Within national politics, suspicions of embezzlement, funds diversions, and corruption of governors from different states of the Republic have become an unfortunate habit regardless of their political party. Moreover, over the course of time, upon terminating their public responsibilities, many of these suspicions have been confirmed through legal proceedings against them.

Only in the last year, and after leaving political power, the public discussion has had former governors of whom there is evidence of corruption as protagonists. They are Guillermo Padrés, from Sonora, of conservative National Action Party (PAN), as well as militants of ruling Institutional Revolutionary Party (PRI) Javier Duarte, from Veracruz; César Duarte, from Chihuahua, and Roberto Borge, from Quintana Roo. Of these, the conservative National Action Party (PAN) member and the first Duarte have faced justice in recent months.

Roberto Borge is the most recent member to join this select group. He was captured last Sunday, June 4 in Panama when he was about to catch a plane to Europe. In the meantime, Mexicans continue to witness a parade of state leaders who, during their government, exercise absolute and unilateral power in the territory that they should manage, and do so generally without counterweights of other powers and subduing critical press.
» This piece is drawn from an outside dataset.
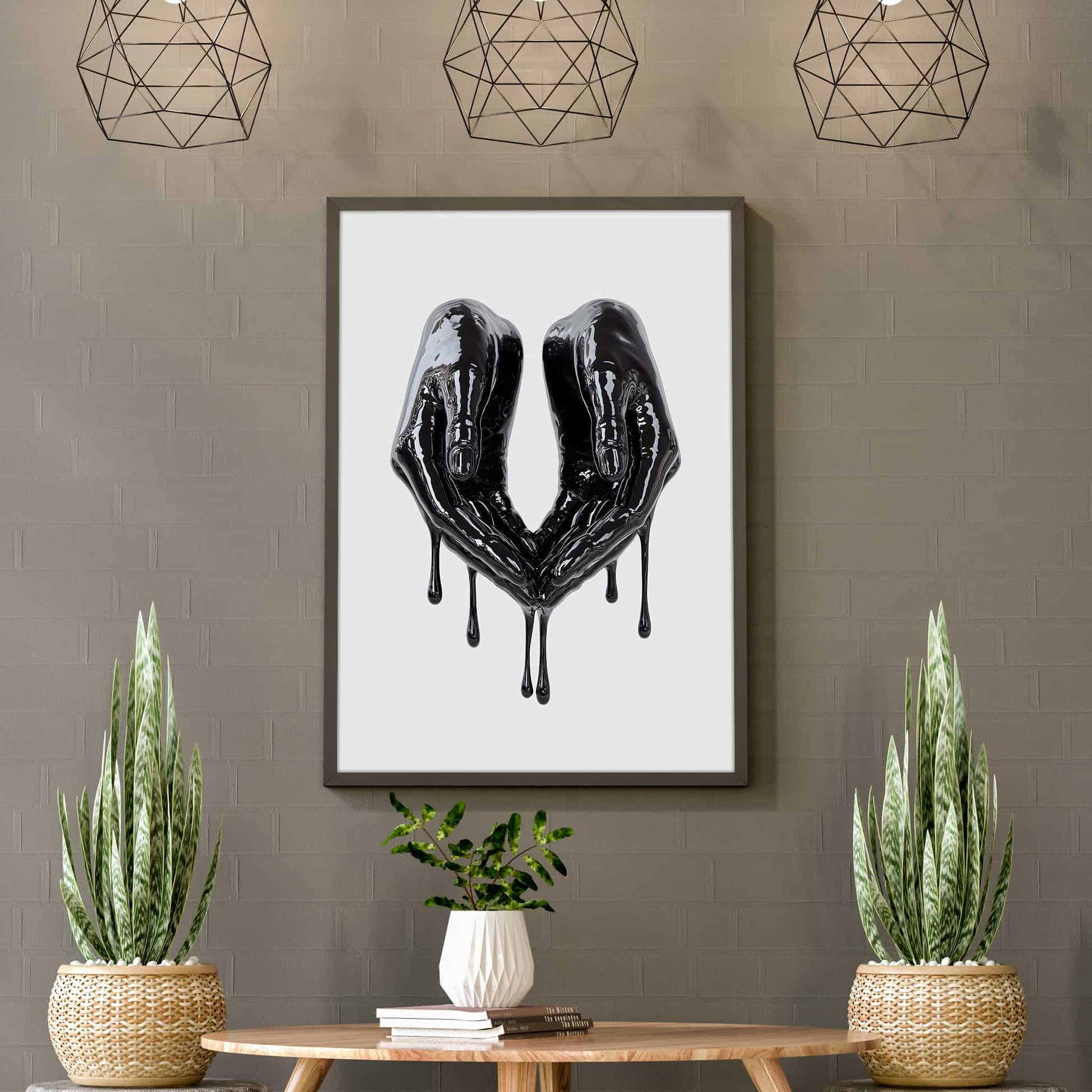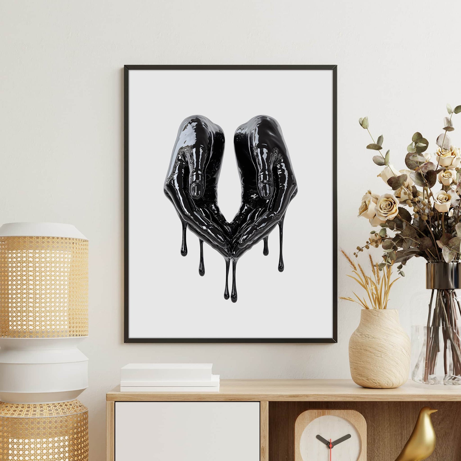 A bold poster featuring two glossy black hands forming a heart shape as they melt into dramatic drips. Perfect for bedrooms, studios, and contemporary spaces that embrace dark, stylish decor.

The Chief Audit Office (ASF), on a recurring basis, publishes its findings on the misuse of public money by the authorities in each of the country's entities. However, many of these indications go without consequences due to the institutional inability to process so many irregularities, as well as the lack of political will to proceed through legal channels. It's a story that never ends.

In any case, what should be pointed out is the way in which governors have public resources under their tutelage and the lack of legal and institutional controls, both within the state as well as the Federation, to avoid abuse. The governor of Quintana Roo, Carlos Joaquín González, expressed the need to recover the state-owned lands that were sold by his predecessor.

But we must go further. If there are so many former governors parading for corruption whose performance in power is suspicious; if many of them diverted public funds from questionable legal figures and if they did business under the cover power, it is worth asking: what is the role played by local powers like the Legislative and the Judiciary?

Moreover, what controls are there today to ensure that those who are in the state power do not damage the patrimony that was entrusted to them at the polls? Beyond the ASF, who is watching the current governors to avoid further corruption scandals when they leave office?